The recently appointed CFO for the province of Alberta, Dr. Teri Bryant, has penned an open letter to the federal Minister of Public Safety Marco Mendicino, asking the federal government to rescind the Orders in Council prohibiting some 1,500+ varieties of firearms.
The letter draws attention to the lack of evidence supporting the ban, and the notion that the ban is simply ineffective. The letter also calls into question the expenditure of significantly more money in a program that's quite literally demonstrated its inability to meet its stated goals: Reducing gun crime.
For gun owners, some of the letter's content defines the term "oddly familiar;" with the CFO mentioning "The federal policy measures contemplated for dealing with the firearms in question are also manifestly unfair. Requiring mandatory confiscation or deactivation represents an unacceptable intrusion into the personal lives of Albertans and other Canadians and a serious infringement on their property rights. Owners of the affected firearms acquired them in full conformity with the law at the time. They have not done anything wrong, yet they are to be forcibly deprived of their property or forced to effectively render it useless through compulsory deactivation."
This feels both odd and familiar as the reality outlined by Dr. Bryant thusly is the cold reality Canadian gun owners have been facing since 2020, but until now remained a perspective that felt exclusive to gun owners. Even former CPC leader Erin O'Toole preferred to ignore the reality of a government giving taxpaying civilians the option of having thousands of dollars worth of their property either seized or rendered useless, while NDP and Liberal representatives in the House have stalwartly ignored the comments and concerns of any constituent that happens to have a firearms license. Were gun owners in Canada still capable of optimism where the Federal government is concerned, this letter would probably provide some, if only for its disconcerting pairing of simple honesty and a government letterhead.
Guns: Canaries in a Political Coal Mine
And this is precisely why perhaps the most important part of Dr. Bryant's letter, the part that certainly should resound with Mssrs.

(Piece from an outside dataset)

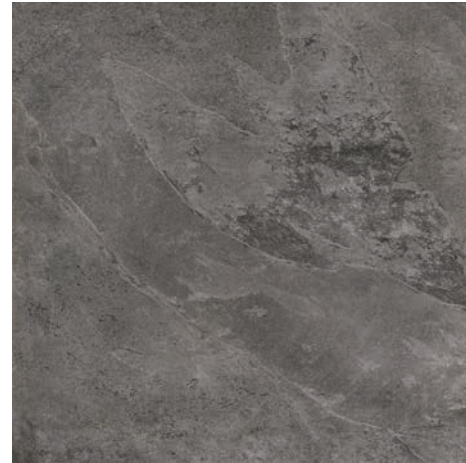
2XSLAN60R7 – Antracite 23.5" X 23.5" Sq.Ft: $16.95 – Pc: $65.09

Mendicino, Trudeau, Blair et al. is also perhaps the part that has the least to do with firearms: "Even more important, however, will be the loss of confidence in our firearms control system and government in general, when a community is singled out by such unjust and undeserved actions. We should be acting to build confidence in our systems, not bringing them into disrepute."

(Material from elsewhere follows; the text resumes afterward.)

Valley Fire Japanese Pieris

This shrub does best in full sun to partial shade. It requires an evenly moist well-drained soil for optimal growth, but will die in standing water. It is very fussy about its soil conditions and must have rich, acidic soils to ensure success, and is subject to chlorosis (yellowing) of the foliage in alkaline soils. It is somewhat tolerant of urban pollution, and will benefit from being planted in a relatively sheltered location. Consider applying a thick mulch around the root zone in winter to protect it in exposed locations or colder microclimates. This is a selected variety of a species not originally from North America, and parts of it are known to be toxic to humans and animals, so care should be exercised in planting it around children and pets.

For years we at Calibre have referred to gun owners as the canary in the political coal mine. The logic behind this theory is simple: No other file in federal purview is subject to such sweeping reforms on a political whim as firearms. The ban discussed in Dr. Bryant's letter is all the proof that's required of that: The federal government is attempting to seize property from hundreds of thousands of law-abiding Canadians and is doing so without casting a single vote in the House of Commons. I defy any pundit to come up with any other product a Canadian civilian could possess that we would, as a country, be alright with our government forcibly seizing on this scale with so little oversight or insight. There isn't one.
And this ban, the one being opposed by Alberta's firearms safety czar in this letter, isn't the only evidence of this; it's merely the most current evidence. This government has done nothing but use firearms, and those that own them, as a wedge to divide this country. But wedges feel pressure; that's their role, and Canadian gun owners have never felt more than they do today. The constant anti-gun and anti-gun owner rhetoric required to support the passage of this ban has made many Canadians irrationally hateful towards gun owners in very real, very literal ways. And we weren't exactly starting from an unbiased position: 7 years ago a Fedex employee threatened to lose $18,000 worth of my magazines because they were gun magazines. But that wasn't the worst.

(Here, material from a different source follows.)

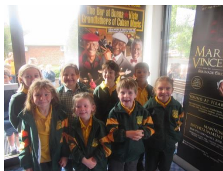
Wattle excursion to The Very Hungry Caterpillar

In a testimony where I attempted to raise the issue of privacy and security around sales records required by Bill C-71, Trudeau-appointed Senator Marliou McPhedran opened her questions for my testimony by framing it as if I might have been paid by the American NRA to represent gun rights in Canada. Unrelated to the subject matter at best, and extremely reductive of a decade-long career covering gun politics at best, that particular line of question led directly to a host of threats levelled against me on social media such that I, and my immediate family, no longer maintain social media accounts under our real names under the advice of security experts.
Let me put that another way: As a result of accusations levelled by a Liberal-appointed senator trying to discredit me because she didn't like what I had to say, people have threatened to kill me and my family.
And so, as a gun owner but more importantly as a father, husband, and Canadian who is tired of watching our nation rent asunder by partisanship over pragmatic policy - Dr. Bryant, thank you. Sincerely. To Minister Mendicino: Please listen. Canada doesn't need more disenfranchised Canadians.